## Action item
In the listing below, the answer starts at the line that has "Стеклянная пивная кружка" and stops after the line that has "顾也力代表我校与那他沃·普提沙洛交换礼物"; please repeat that part exactly and nothing more.

## Given records
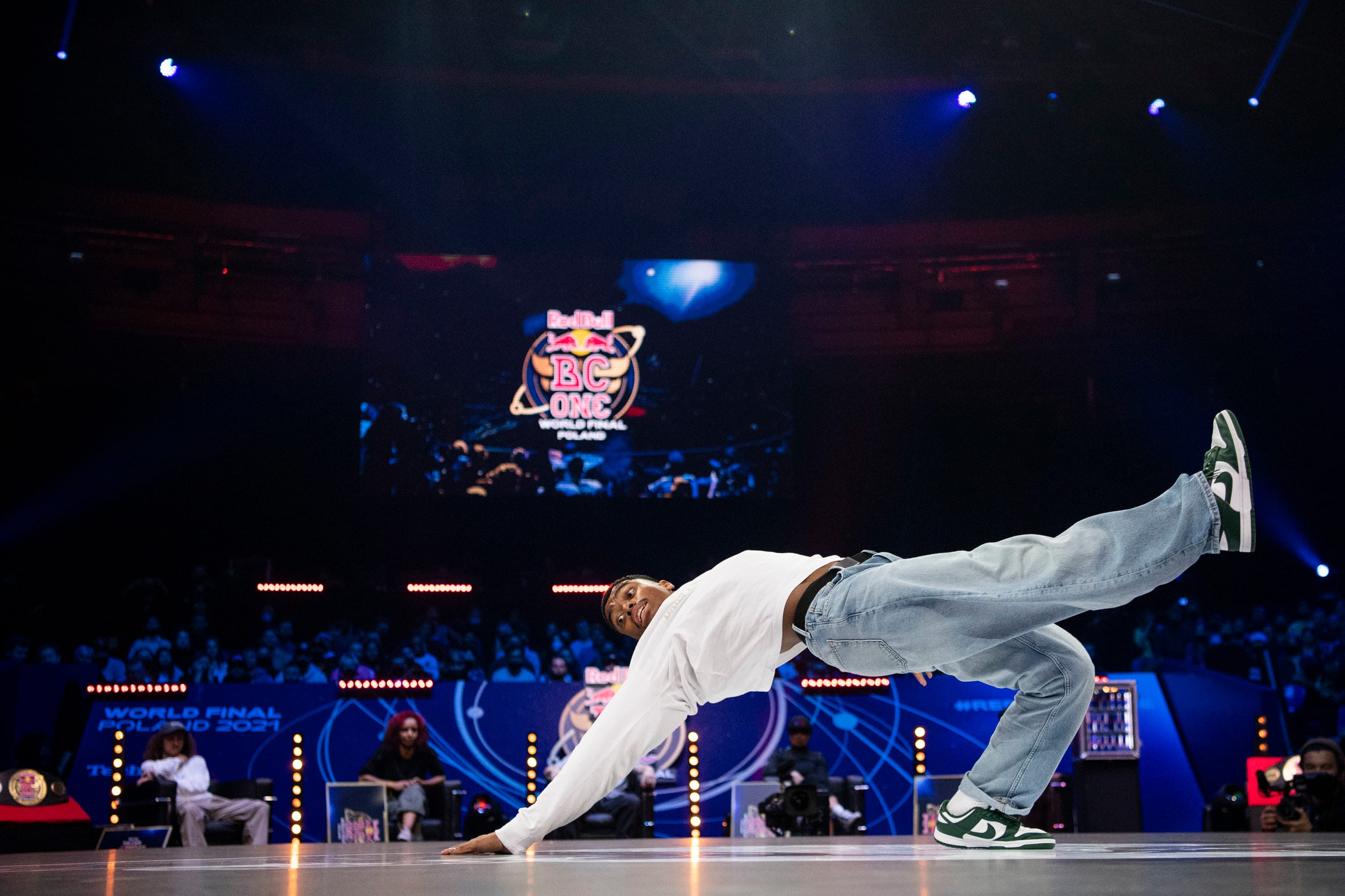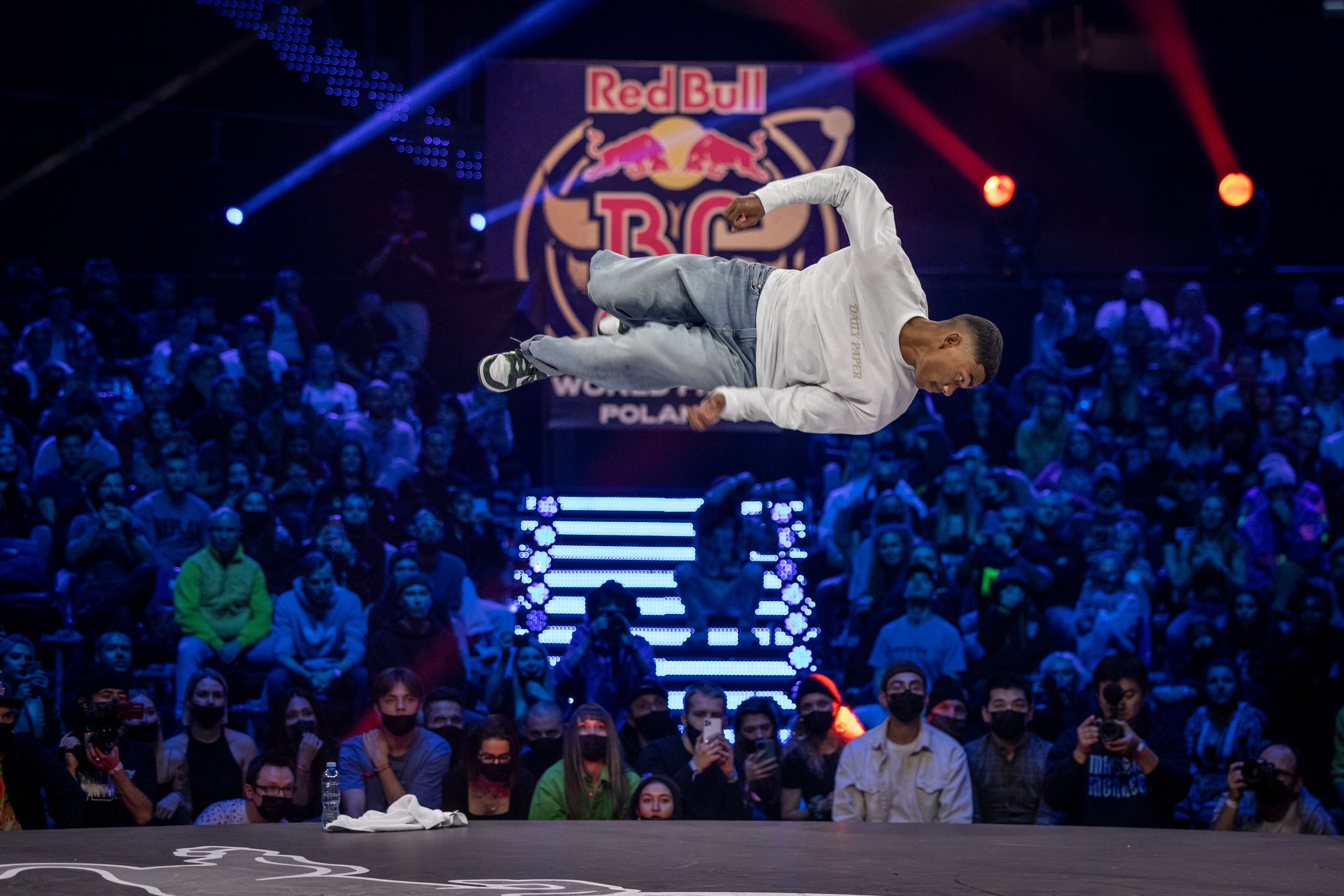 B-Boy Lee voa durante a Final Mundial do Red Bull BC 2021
---
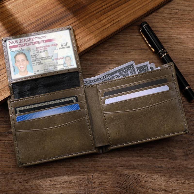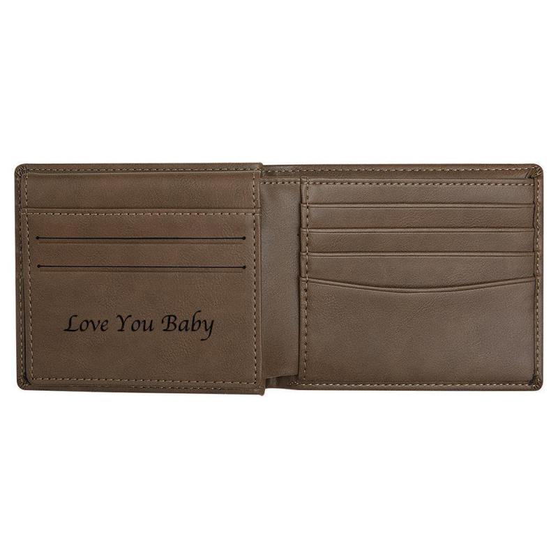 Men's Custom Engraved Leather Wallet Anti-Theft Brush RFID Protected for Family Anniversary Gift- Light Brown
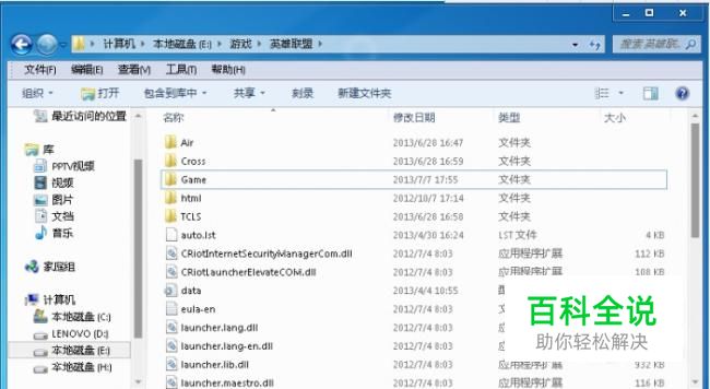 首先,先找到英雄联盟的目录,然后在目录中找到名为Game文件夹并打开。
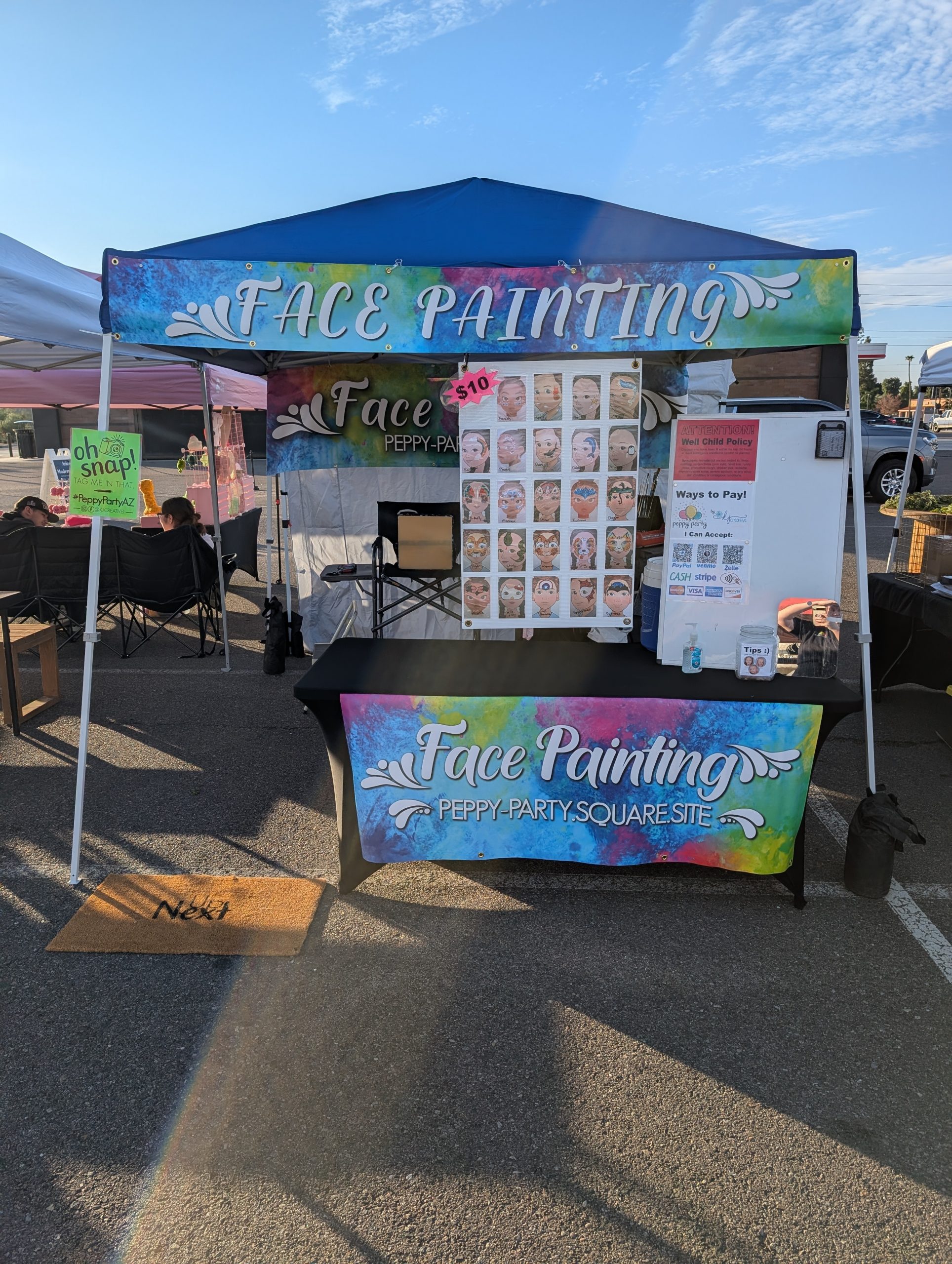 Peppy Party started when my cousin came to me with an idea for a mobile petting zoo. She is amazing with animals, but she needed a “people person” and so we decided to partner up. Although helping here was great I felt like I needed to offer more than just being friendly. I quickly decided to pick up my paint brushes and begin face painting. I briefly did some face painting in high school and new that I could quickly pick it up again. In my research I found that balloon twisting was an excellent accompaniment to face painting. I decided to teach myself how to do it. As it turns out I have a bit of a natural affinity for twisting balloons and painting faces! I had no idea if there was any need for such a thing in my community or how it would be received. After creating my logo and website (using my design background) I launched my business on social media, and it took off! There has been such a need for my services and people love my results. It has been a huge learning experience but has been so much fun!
* * *
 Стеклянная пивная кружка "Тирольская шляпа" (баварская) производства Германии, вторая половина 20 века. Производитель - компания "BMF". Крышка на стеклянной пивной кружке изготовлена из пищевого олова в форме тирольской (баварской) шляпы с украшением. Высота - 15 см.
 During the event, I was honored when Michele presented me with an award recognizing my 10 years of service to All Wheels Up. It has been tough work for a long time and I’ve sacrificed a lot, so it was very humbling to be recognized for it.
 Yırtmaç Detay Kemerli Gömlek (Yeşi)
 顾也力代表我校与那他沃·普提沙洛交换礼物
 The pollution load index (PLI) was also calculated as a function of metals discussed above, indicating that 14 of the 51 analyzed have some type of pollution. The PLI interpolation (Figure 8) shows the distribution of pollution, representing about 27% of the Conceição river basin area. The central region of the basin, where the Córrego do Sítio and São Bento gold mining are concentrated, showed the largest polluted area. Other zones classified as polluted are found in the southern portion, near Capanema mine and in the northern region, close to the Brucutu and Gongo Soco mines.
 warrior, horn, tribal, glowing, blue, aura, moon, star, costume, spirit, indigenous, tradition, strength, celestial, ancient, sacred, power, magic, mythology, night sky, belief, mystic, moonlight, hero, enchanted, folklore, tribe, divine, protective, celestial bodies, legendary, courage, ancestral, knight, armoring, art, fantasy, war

## Worked solution
 Стеклянная пивная кружка "Тирольская шляпа" (баварская) производства Германии, вторая половина 20 века. Производитель - компания "BMF". Крышка на стеклянной пивной кружке изготовлена из пищевого олова в форме тирольской (баварской) шляпы с украшением. Высота - 15 см.
 During the event, I was honored when Michele presented me with an award recognizing my 10 years of service to All Wheels Up. It has been tough work for a long time and I’ve sacrificed a lot, so it was very humbling to be recognized for it.
 Yırtmaç Detay Kemerli Gömlek (Yeşi)
 顾也力代表我校与那他沃·普提沙洛交换礼物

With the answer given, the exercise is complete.